When the line containing "甜橙+樱桃萝卜+洋葱+肉桂+孜然+Paprika+柠檬汁+橄榄油" appears in the data below, begin copying there and stop only after the line containing "シアー イレギュラー フリル ブラウス ‐ウォッシャブル‐".

==== Extracted information

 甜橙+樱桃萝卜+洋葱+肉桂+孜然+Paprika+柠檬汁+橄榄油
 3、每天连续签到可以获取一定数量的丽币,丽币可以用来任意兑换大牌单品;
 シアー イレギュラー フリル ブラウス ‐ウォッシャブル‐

========
==== Extracted information

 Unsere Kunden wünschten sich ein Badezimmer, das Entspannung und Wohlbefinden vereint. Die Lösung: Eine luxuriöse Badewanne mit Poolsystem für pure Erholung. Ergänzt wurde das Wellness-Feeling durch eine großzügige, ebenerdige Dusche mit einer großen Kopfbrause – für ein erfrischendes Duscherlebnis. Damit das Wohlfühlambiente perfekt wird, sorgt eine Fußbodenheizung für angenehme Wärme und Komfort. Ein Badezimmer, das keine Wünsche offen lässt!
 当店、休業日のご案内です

========
==== Extracted information

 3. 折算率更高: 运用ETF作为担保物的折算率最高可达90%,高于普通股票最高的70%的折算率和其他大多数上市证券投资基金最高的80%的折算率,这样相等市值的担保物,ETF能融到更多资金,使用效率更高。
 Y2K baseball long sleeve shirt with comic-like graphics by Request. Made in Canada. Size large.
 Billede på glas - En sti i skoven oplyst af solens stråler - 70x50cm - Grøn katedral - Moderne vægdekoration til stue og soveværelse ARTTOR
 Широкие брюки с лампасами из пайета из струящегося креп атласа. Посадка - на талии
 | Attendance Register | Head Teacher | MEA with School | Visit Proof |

========

** Your response **
 甜橙+樱桃萝卜+洋葱+肉桂+孜然+Paprika+柠檬汁+橄榄油
 3、每天连续签到可以获取一定数量的丽币,丽币可以用来任意兑换大牌单品;
 シアー イレギュラー フリル ブラウス ‐ウォッシャブル‐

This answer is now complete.